» **Data in this exercise**:
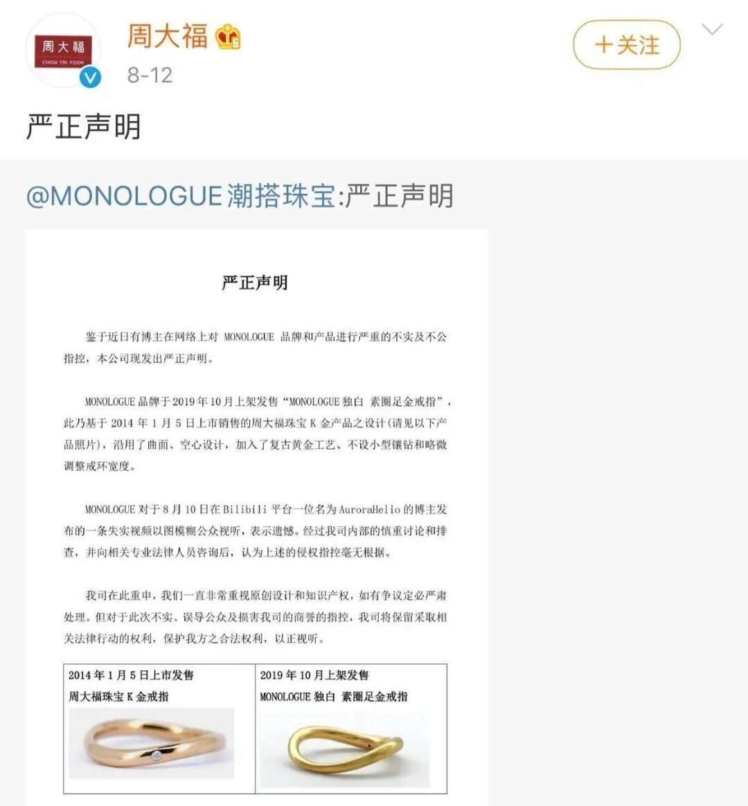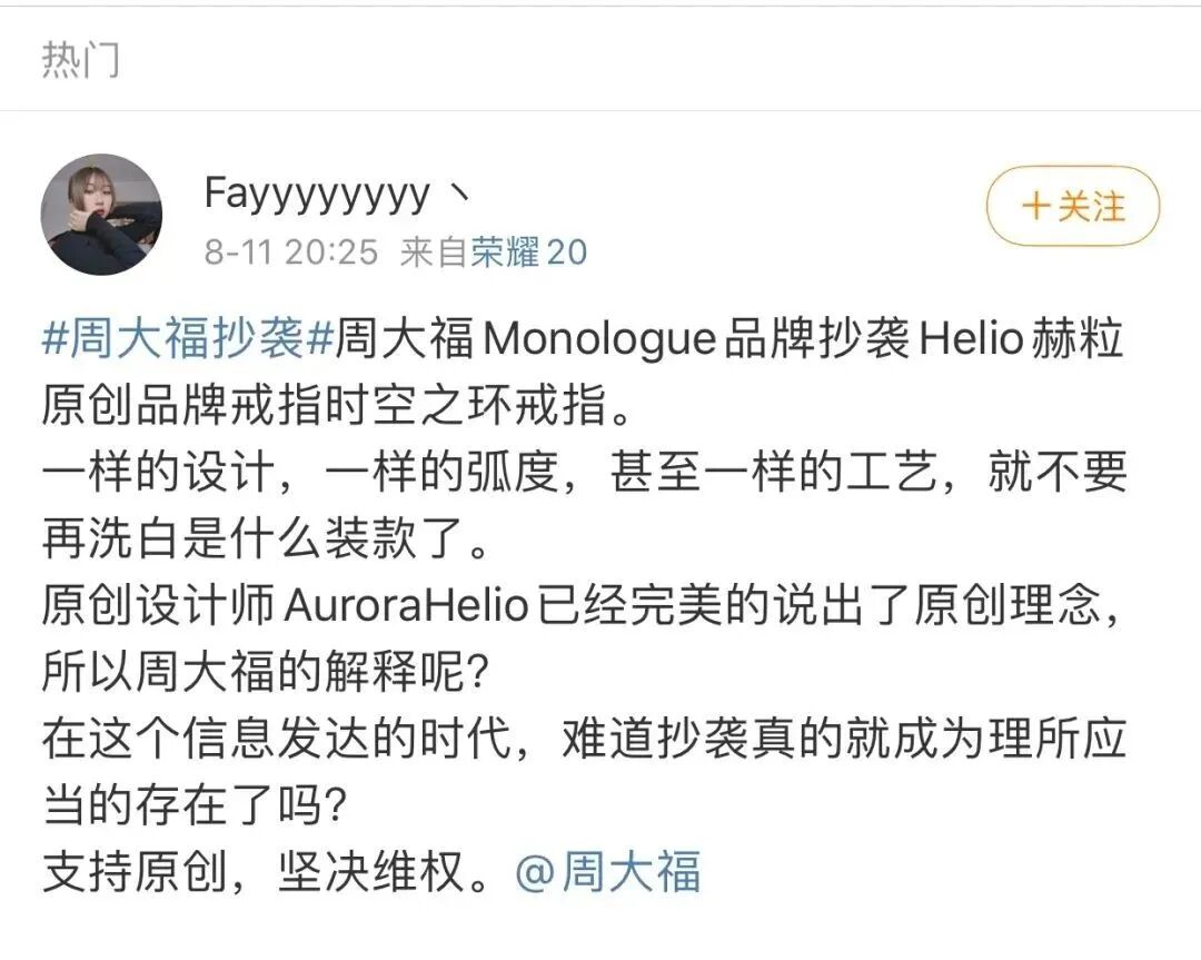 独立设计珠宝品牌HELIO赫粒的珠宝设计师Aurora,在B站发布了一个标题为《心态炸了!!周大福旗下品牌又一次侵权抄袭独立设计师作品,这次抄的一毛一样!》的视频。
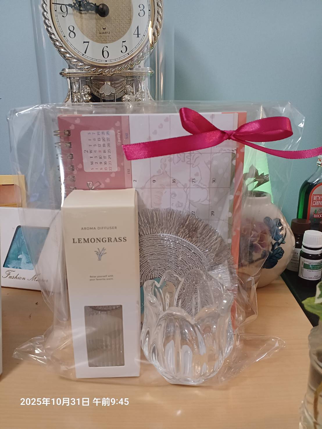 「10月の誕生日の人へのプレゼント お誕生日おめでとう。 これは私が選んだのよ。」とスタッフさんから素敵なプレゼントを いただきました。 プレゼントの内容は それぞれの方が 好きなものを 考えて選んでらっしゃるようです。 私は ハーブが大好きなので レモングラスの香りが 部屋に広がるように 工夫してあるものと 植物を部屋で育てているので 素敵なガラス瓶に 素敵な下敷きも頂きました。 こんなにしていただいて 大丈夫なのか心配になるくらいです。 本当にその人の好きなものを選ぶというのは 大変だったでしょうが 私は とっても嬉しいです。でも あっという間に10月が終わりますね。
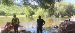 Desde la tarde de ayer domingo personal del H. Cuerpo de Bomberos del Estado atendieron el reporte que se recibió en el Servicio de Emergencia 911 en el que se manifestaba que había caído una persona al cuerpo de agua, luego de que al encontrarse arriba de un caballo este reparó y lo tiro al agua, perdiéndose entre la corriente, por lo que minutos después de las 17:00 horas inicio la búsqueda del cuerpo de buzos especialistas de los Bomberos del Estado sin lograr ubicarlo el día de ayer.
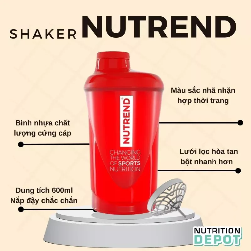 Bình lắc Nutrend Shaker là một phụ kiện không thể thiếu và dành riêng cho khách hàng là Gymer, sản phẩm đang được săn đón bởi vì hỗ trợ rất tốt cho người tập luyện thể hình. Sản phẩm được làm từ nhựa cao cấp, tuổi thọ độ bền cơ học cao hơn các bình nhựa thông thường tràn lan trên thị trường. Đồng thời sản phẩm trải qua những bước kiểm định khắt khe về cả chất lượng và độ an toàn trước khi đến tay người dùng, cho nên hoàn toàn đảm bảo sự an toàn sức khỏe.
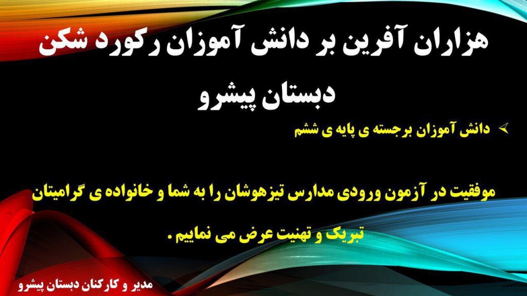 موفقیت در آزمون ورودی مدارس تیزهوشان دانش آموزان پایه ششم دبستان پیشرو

» **Your instructions**: Repeat the records above exactly, without pictures.

» **Expected output**:
 独立设计珠宝品牌HELIO赫粒的珠宝设计师Aurora,在B站发布了一个标题为《心态炸了!!周大福旗下品牌又一次侵权抄袭独立设计师作品,这次抄的一毛一样!》的视频。
 「10月の誕生日の人へのプレゼント お誕生日おめでとう。 これは私が選んだのよ。」とスタッフさんから素敵なプレゼントを いただきました。 プレゼントの内容は それぞれの方が 好きなものを 考えて選んでらっしゃるようです。 私は ハーブが大好きなので レモングラスの香りが 部屋に広がるように 工夫してあるものと 植物を部屋で育てているので 素敵なガラス瓶に 素敵な下敷きも頂きました。 こんなにしていただいて 大丈夫なのか心配になるくらいです。 本当にその人の好きなものを選ぶというのは 大変だったでしょうが 私は とっても嬉しいです。でも あっという間に10月が終わりますね。
 Desde la tarde de ayer domingo personal del H. Cuerpo de Bomberos del Estado atendieron el reporte que se recibió en el Servicio de Emergencia 911 en el que se manifestaba que había caído una persona al cuerpo de agua, luego de que al encontrarse arriba de un caballo este reparó y lo tiro al agua, perdiéndose entre la corriente, por lo que minutos después de las 17:00 horas inicio la búsqueda del cuerpo de buzos especialistas de los Bomberos del Estado sin lograr ubicarlo el día de ayer.
 Bình lắc Nutrend Shaker là một phụ kiện không thể thiếu và dành riêng cho khách hàng là Gymer, sản phẩm đang được săn đón bởi vì hỗ trợ rất tốt cho người tập luyện thể hình. Sản phẩm được làm từ nhựa cao cấp, tuổi thọ độ bền cơ học cao hơn các bình nhựa thông thường tràn lan trên thị trường. Đồng thời sản phẩm trải qua những bước kiểm định khắt khe về cả chất lượng và độ an toàn trước khi đến tay người dùng, cho nên hoàn toàn đảm bảo sự an toàn sức khỏe.
 موفقیت در آزمون ورودی مدارس تیزهوشان دانش آموزان پایه ششم دبستان پیشرو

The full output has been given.